Смотришь на действо и вдруг замечаешь покалывание, судорогу узнавания. Легкость в теле, комок в горле — едва заметная искра, связывающая всех нас. Отголосок народной памяти, тех, какими мы были, каким был наш мир. В великой гонке за промышленностью и прогрессом, за кирпичом и цементом, железом и дымом мы потеряли нечто жизненно необходимое, разорвали соединявшую нас цепь, и пути назад не было. Мы понимаем, что презрение и насмешки над мореской не слишком рациональны и заслуженны. Если бы это была чья-то национальная сельская культура, мы бы смотрели с удовольствием и почтительным интересом. Но все это нам слишком близко, и ягодицы сжимаются от смущения, вины и стыда. Будто смотришь на старые фотографии со студенческой попойки, где ты сидишь в дурацком костюме, и понимаешь, что вырос не таким.

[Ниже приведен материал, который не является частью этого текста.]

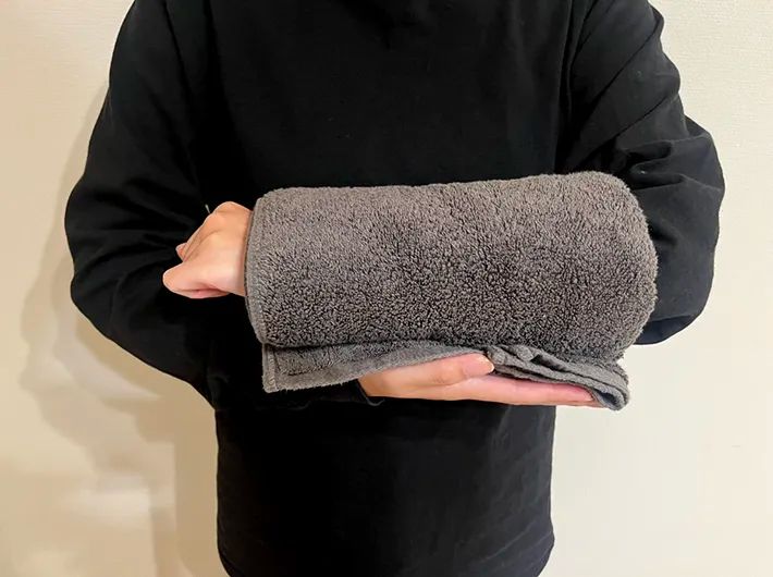 保冷剤などをタオルで包み、腕に当てながら巻いていきます。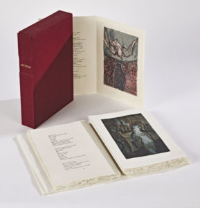 Guillaume APOLLINAIRE Alcools. Paris, Les Cent-Une, 1986. In-4 (18,3 x 28 cm), en feuilles, emboîtage. Cent Unes, n° 33 /// (2f. bl.)-(5f.)-15 à 198-(4f.)-(1f. bl.). 16 gravures originales sur cuivre en couleurs, à pleine page, de Lil Michaelis....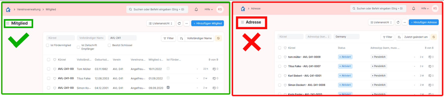 2.: Adresse ist nicht gleich Mitglied! Das Löschen einer Adresse führt nicht zum Löschen des Mitgliedes. Daher sollte darauf geachtet werden, dass man sich auch in der Liste "Mitglied" und nicht "Adresse" befindet, um das zu löschende Mitglied zu suchen.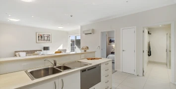 The spacious open plan living, kitchen and dining area enjoys a northeast aspect, capturing beautiful all-day sun and opening out to a private balcony. From here, take in views across the village gardens, mature protected trees and toward Cornwall Park, with glimpses of the Auckland City skyline and Sky Tower beyond.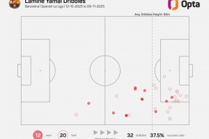 Opta指出,10月12日以來,亞馬爾聯(lián)賽嘗試過人32次,與圖盧茲球員博霍并列五大聯(lián)賽最多,過人成功率37.5%。

Но мореска продолжается. Люди танцуют, не понимая, что пытаются примириться с неудобной семейной реликвией, которая ни к чему не подходит. Но это единственное, что осталось нам в наследство от доиндустриальной эпохи. Их танец — попытка поцеловать в лоб череп, проваливающийся под землю, прогуляться по пестрым полям, превратившимся в кольцевые развязки, взлетные полосы, торговые центры и первые тупики постмодернистской эпохи. И они продолжают танцевать. Уже не ради нас, а вопреки.
Солнце садится, аккордеоны продолжают играть, пиво выплескивается из оловянных кружек, а в одиннадцать часов вечера крики, протесты, аплодисменты и пение затихают, будто кто-то выдернул вилку из розетки и выключил шум. В окнах гаснет свет, и где-то под летней молодой луной раздаются тихие звуки скрипки.

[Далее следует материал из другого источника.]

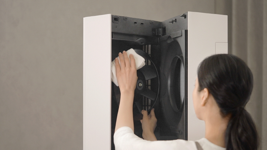 기존 에어컨은 스무 개 정도의 나사를 분해해야 패널을 오픈할 수 있어 복잡하고 불편했다. 신제품은 스크류 1개만 풀고 버튼을 누르면 제품이 열리도록 간소화했다. 고객은 제품을 연 뒤 내부 팬을 청소하면 된다.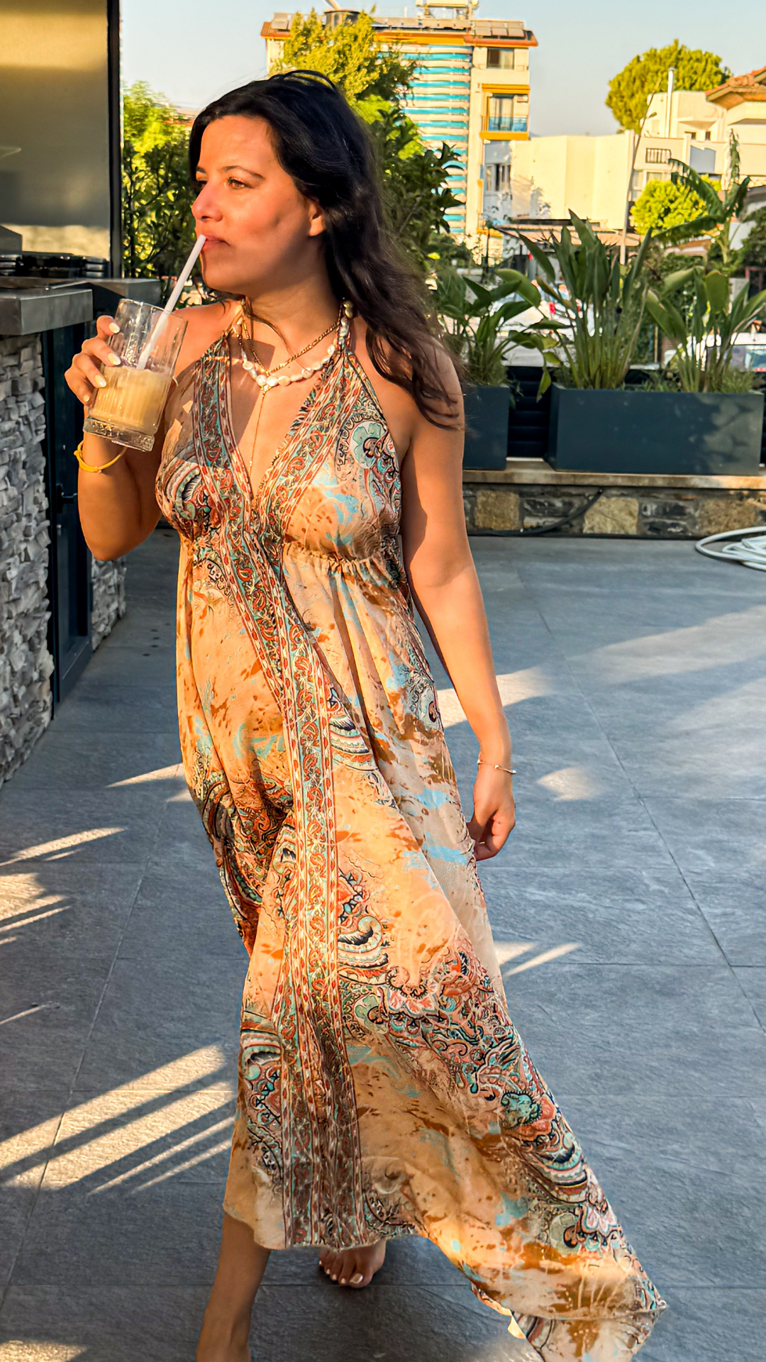 Sırt Dekolteli İşlemeli Somon Turkuaz İthal Elbise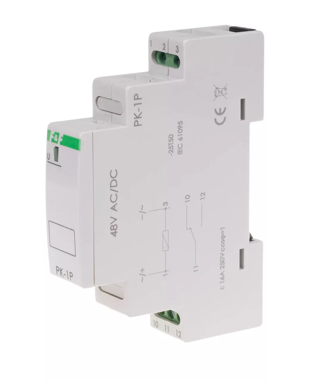 Napięcie zasilania 48 V AC/DC Tolerancja napięcia zasilania -15 ÷ 10 % Maksymalny prąd obciążenia AC-1 16 A Element wykonawczy przekaźnik Konfiguracja styków 1 × NO/NC Separacja styku TAK Maksymalny pobór prądu 25 mA Trwałość łączeniowa mechaniczna min. 5x10⁶ cykli Przyłącze zaciski śrubowe 2,5 mm² Moment dokręcający 0,4 Nm Temperatura pracy -25 ÷ 50 °C Wymiary 1 moduł (18 mm) Montaż na szynie 35 mm Stopień ochrony IP20

Abbots Bromley Horn Dance, возможно, самая драматичная из всех команд, ковыляет по булыжной мостовой. Их танец, исполнявшийся сотни, тысячи лет, пробуждает больше всего воспоминаний. Их ведет дудочник, одетый в драное пальто. Он играет мелодию, которая кажется детской и простенькой, но на самом деле полна печали и обладает едкой неземной силой, будто саундтрек к снам. За ним идут мужчины, держащие перед собой рогатые оленьи головы цвета опавшей листвы. Следом мужчина-женщина, охотник и маска лошади. Они медленно танцуют в тишине. Процессия тянется, рисуя замысловатые узоры в лунном свете. Призрачный танец, печальный, будто плач по покойнику. Вещи, что легко теряются, — гораздо более страшная утрата, чем те, в которые мы вцепляемся. И я неожиданно чувствую, как в темноте по щеке катится слеза скорби.